El 22 de abril de 1969, Theodor Adorno iba a comenzar uno de sus últimos seminarios en la Universidad de Frankfurt. La sesión versaba sobre «dialéctica del sujeto y el objeto». Apenas había tomado la palabra el viejo profesor cuando un estudiante avanzó hacia el estrado y escribió una proclama en la pizarra. A esta señal, tres alumnas se levantaron a su vez, se descubrieron los pechos y rodearon al filósofo lanzándole pétalos sobre la cabeza. Adorno, atónito, recogió sus papeles y abandonó el aula a toda prisa. No he encontrado en internet ningún vídeo ni imagen del famoso suceso, pero sí es fácil hallar la filmación de otro episodio similar acaecido en Lovaina tres años y medio después y protagonizado por Jacques Lacan.
Un joven melenudo y pedantesco interrumpe al apenas menos divagante Lacan, le desordena los papeles, derrama una jarra de líquido sobre la mesa y, tras balbucear un confuso discurso situacionista cargado de reproches hacia el profesor, entabla un surreal diálogo con él que termina de forma accidentada.

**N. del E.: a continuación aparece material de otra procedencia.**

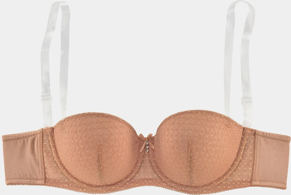 NUANCE: Schalen-BH mit transparenten, abnehmbaren Trägern. 2 Tragevarianten: Mit Trägern, ohne Träger. Mit Formbügel und nahtlos vorgeformten, leicht gefütterten Cups. Cups mit grafischer Jacquardspitze überzogen. Dekorative Schleife in der vorderen Mitte. Rutschfest durch eingearbeitete Silikonbänder. Träger und Rückenverschluss verstellbar. Sexy Dessous. Spitzen-Dessous. Romantische Dessous. Verspielte Dessous. Aus 61% Polyester, 34% Polyamid, 5% Elasthan.
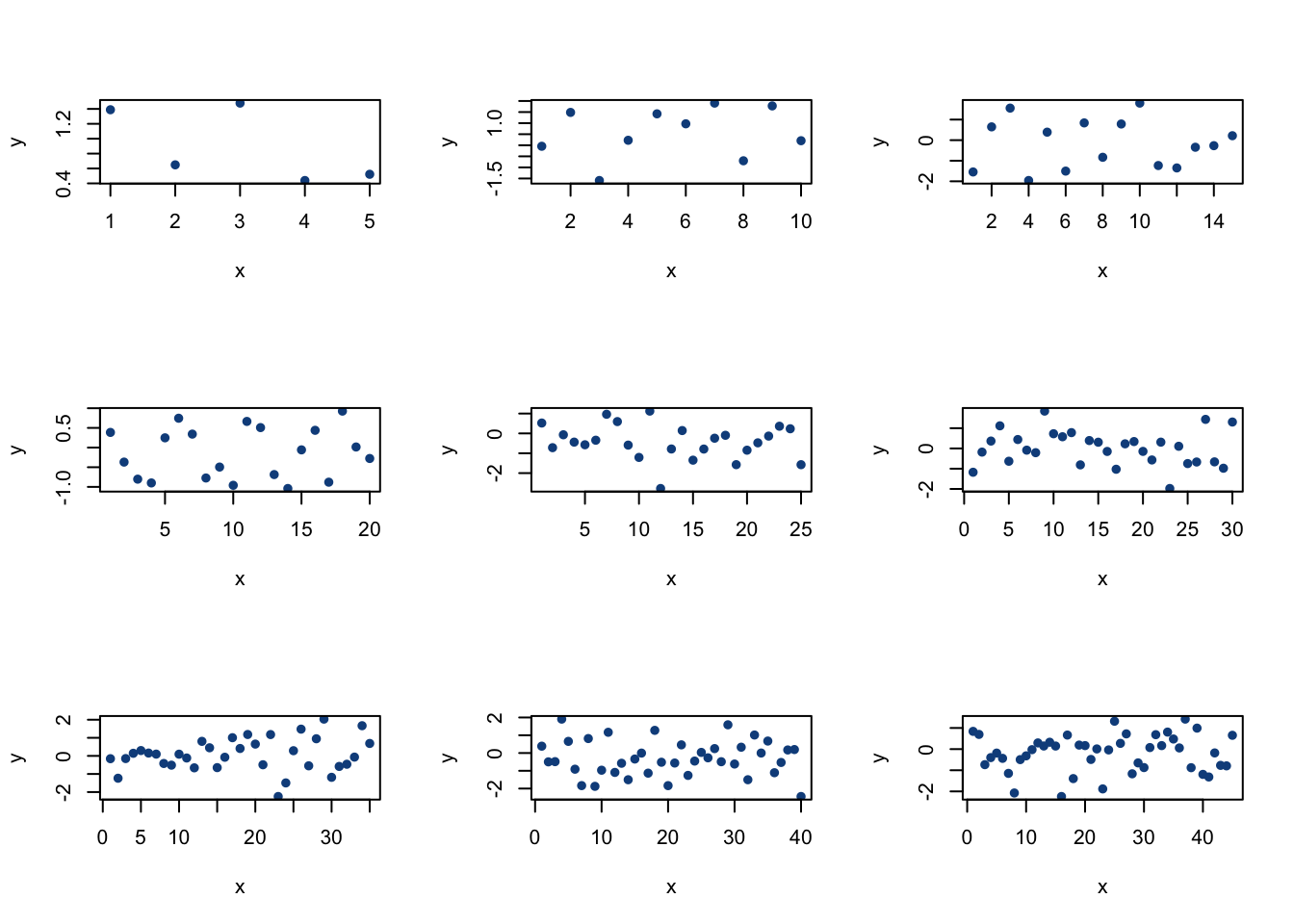 For \(i = 1,2,...\). We let \(X_i\) be random ‘shocks’ such that the \(X_i\) terms are i.i.d. \(N(0, 1)\) r.v.’s.

Es tentador, y quizás no muy original, ver en estos episodios la representación de un conflicto que se había manifestado plenamente en 1968 en París, pero cuyas raíces venían de antes, como veremos. Los dos viejos gurús, pertenecientes a ramas distintas del gran tronco del pensamiento crítico del siglo XX —crítico con el mundo burgués, con el capitalismo, con la modernidad ilustrada—, pero insertos completamente en la sociedad burguesa, se enfrentaban de repente a algo sustancialmente distinto: jóvenes que expresaban su rechazo por esa misma sociedad burguesa escenificando la ruptura de sus convenciones más elementales. Y si Lacan, irónico y quizá consciente hasta cierto punto de su propia charlatanería, había capeado la situación con cierto aplomo, Adorno, el adusto y elitista frankfurtiano, autor con Max Horkheimer de uno de los libros más sobrevalorados de todos los tiempos, no se lo tomó tan bien. Cada vez más molesto con el efecto sobre la vida universitaria de las protestas estudiantiles generalizadas desde el año anterior, el mamario altercado y otros sucesivos le convencieron de acelerar el fin de las clases y retirarse a Suiza a descansar. Allí murió poco después de un ataque al corazón —aún afectado por el suceso, según las malas lenguas.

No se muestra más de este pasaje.